Here is an example of how to use the runGPCP function for genomic prediction of cross performance:

# Load phenotype data from a CSV file
phenotypeFile <- read.csv("~/Documents/GCPC_input_files/2020_TDr_PHENO (1).csv")

# Specify the genotype file path (VCF or HapMap format)
genotypeFile <- "~/Documents/GCPC_input_files/genotypeFile.vcf"

# Define necessary inputs
genotypes <- "Accession"  # Column name for genotype IDs in phenotype data
traits <- c("rAUDPC_YMV", "YIELD", "DMC")  # List of traits to predict
weights <- c(0.2, 3, 1)  # Weights corresponding to traits
userFixed <- c("LOC", "REP")  # Fixed effects variables
Ploidy <- 2  # Ploidy level of the organism
NCrosses <- 150  # Number of top crosses to output

# Run genomic prediction of cross performance
finalcrosses <- runGPCP(
  phenotypeFile = phenotypeFile,
  genotypeFile = genotypeFile,
  genotypes = genotypes,
  traits = paste(traits, collapse = ","),
  weights = weights,
  userFixed = paste(userFixed, collapse = ","),
  Ploidy = Ploidy,
  NCrosses = NCrosses
)

# View the predicted crosses
print(finalcrosses)

Input Arguments

phenotypeFile: A data frame containing phenotypic data, typically read from a CSV file.

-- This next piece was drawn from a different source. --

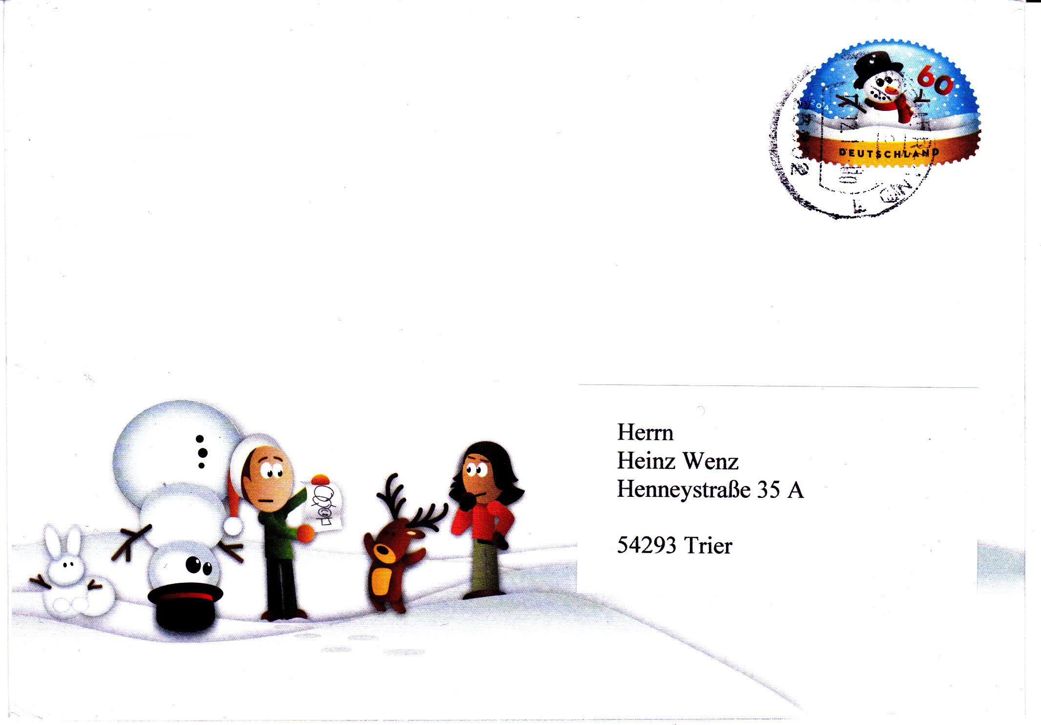 Die Deutsche Post verausgabte in einer Verkaufsverpackung Ganzsachenumschläge mit dem Werteindruck "Schneemann" und verkaufte diese zusammen mit jeweils einer Klappkarte über ihre Filialen. Hier eine der Ganzsachen echt gelaufen.

genotypeFile: A file path to the genotypic data, either in VCF format or as a HapMap.

genotypes: A character string representing the column name in the phenotype file that corresponds to the genotype IDs.

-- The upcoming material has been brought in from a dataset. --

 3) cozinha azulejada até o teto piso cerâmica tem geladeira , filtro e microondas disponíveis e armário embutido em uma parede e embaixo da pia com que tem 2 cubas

traits: A string of comma-separated trait names from the phenotype file, which will be used for genomic prediction.

weights: A numeric vector specifying the weights for the traits. The order of weights should correspond to the order of traits.

userFixed: A string of comma-separated fixed effect variables from the phenotype file.

Ploidy: An integer representing the ploidy level of the organism.

NCrosses: An integer specifying the number of top crosses to output.

Output

The runGPCP function returns a data frame with predicted crosses, including:

Parent1: The first parent genotype ID.

Parent2: The second parent genotype ID.

CrossPredictedMerit: The predicted merit of the cross.

Dependencies

sommer: Mixed models for genome-wide prediction and association studies.

dplyr: Data manipulation package.

AGHmatrix: Implements additive and dominance genomic relationship matrices.

You can install these dependencies with:

install.packages(c("sommer", "dplyr", "AGHmatrix"))

References

Xiang, J., et al. (2016). “Mixed Model Methods for Genomic Prediction.” Nature Genetics.

Batista, L., et al. (2021). “Genetic Prediction and Relationship Matrices.” Theoretical and Applied Genetics.

License

This project is licensed under the MIT License - see the LICENSE file for details.